Posted 30 June, 2026
AI Infrastructure Lead Architect
London, United Kingdom
Full Time
YOU ARE
As a Lead and Principal Infrastructure Architect, you own end-to-end responsibility for designing optimized compute infrastructure for large-scale AI and machine learning systems, including large-scale distributed training environments.
You are the authority who translates business goals, SLAs, and client standards into infrastructure architectures that perform at scale while being deliberately engineered for cost-efficiency. Drawing on deep experience, you weigh multiple viable solutions for any given problem - across compute, networking, storage, orchestration, and model serving - and make rational, well-justified architectural decisions tailored to each client's situation, constraints, and standards. You architect and optimize the full computational stack for performance, power, cost, and scalability; design and tune large-scale GPU clusters and distributed training systems; and ensure infrastructure meets security, compliance, and regulatory requirements.

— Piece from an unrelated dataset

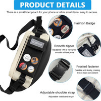 Sporting a fashion badge and a smooth zipper equipped with a rope pull, this bag allows for effortless opening and closing. The frosted fastener is durable and sturdy, ensuring reliable use over time and helping keep belongings secure. This bag also features an adjustable shoulder strap and a waistband with adjustable length, allowing you to find a comfortable and secure fit. These features make carrying this bag convenient, whether worn around the waist or across the body, supporting ease of movement during daily activities or travel.

As the recognized AI infrastructure expert in at least one hyperscaler cloud (such as AWS, Azure, or Google Cloud), you bring authoritative knowledge of that platform's AI/ML services, accelerators, networking, and cost levers, and apply it to deliver best-in-class solutions. Beyond design, you set technical direction and standards, lead and mentor engineers and architects, partner with clients and stakeholders to shape the infrastructure roadmap, and are ultimately accountable for delivering AI/ML infrastructure that meets business SLAs, controls cost, and scales to enterprise and frontier workloads.
THE WORK
As a Lead and Principal Infrastructure Architect, you own end-to-end responsibility for designing optimized compute infrastructure for large-scale AI and machine learning systems, including large-scale distributed training environments.
You are the authority who translates business goals, SLAs, and client standards into infrastructure architectures that perform at scale while being deliberately engineered for cost-efficiency. Drawing on deep experience, you weigh multiple viable solutions for any given problem - across compute, networking, storage, orchestration, and model serving - and make rational, well-justified architectural decisions tailored to each client's situation, constraints, and standards. You architect and optimize the full computational stack for performance, power, cost, and scalability; design and tune large-scale GPU clusters and distributed training systems; and ensure infrastructure meets security, compliance, and regulatory requirements.
As the recognized AI infrastructure expert in at least one hyperscaler cloud (such as AWS, Azure, or Google Cloud), you bring authoritative knowledge of that platform's AI/ML services, accelerators, networking, and cost levers, and apply it to deliver best-in-class solutions. Beyond design, you set technical direction and standards, lead and mentor engineers and architects, partner with clients and stakeholders to shape the infrastructure roadmap, and are ultimately accountable for delivering AI/ML infrastructure that meets business SLAs, controls cost, and scales to enterprise and frontier workloads.
THE WORK
- Own the end-to-end architecture and design of optimized compute infrastructure for large-scale AI/ML systems, including large-scale distributed training environments, from concept through delivery.
- Develop and evaluate architecture alternatives, weighing trade-offs across compute, networking, storage, orchestration, and model serving to make rational, well-justified decisions tailored to each client's situation and standards.
- Lead architecture assessments and reviews of existing and proposed environments, identifying gaps, risks, bottlenecks, and optimization opportunities, and recommending remediation.
- Drive architectural decision-making, documenting rationale, trade-offs, and assumptions so decisions are transparent, defensible, and aligned with business SLAs and standards.
- Define and maintain the AI infrastructure roadmap, planning capacity, scaling, and technology evolution in step with business and product goals.
- Architect and optimize the full computational stack for performance, power, cost, and scalability, ensuring infrastructure meets business SLAs while being deliberately engineered for cost-efficiency.
- Design and tune large-scale GPU clusters and distributed training systems, including accelerator selection, interconnect/networking, and storage for high-throughput training workloads.
- Serve as the authoritative AI infrastructure expert in at least one hyperscaler cloud (AWS, Azure, or GCP), applying deep knowledge of its AI/ML services, accelerators, networking, and cost levers.
- Design deployment, automation, and CI/CD strategies for reliable, repeatable, and scalable releases of AI systems, models, and data pipelines into production.
- Establish AI monitoring and observability strategy across InfraOps and MLOps, defining SLAs, SLOs, alerting, and performance/cost tracking, and driving continuous optimization.
- Integrate AI/ML systems into enterprise environments, ensuring interoperability, security, compliance, and adherence to regulatory and client standards.
- Lead capacity planning and cost modeling, forecasting compute needs and engineering cost-efficiency into the architecture without compromising performance.
- Collaborate with clients, stakeholders, and engineering teams to align infrastructure decisions with business outcomes, translating requirements into actionable architecture and standards.
- Set technical direction, standards, and best practices, mentoring engineers and architects and leading design and code reviews across the team.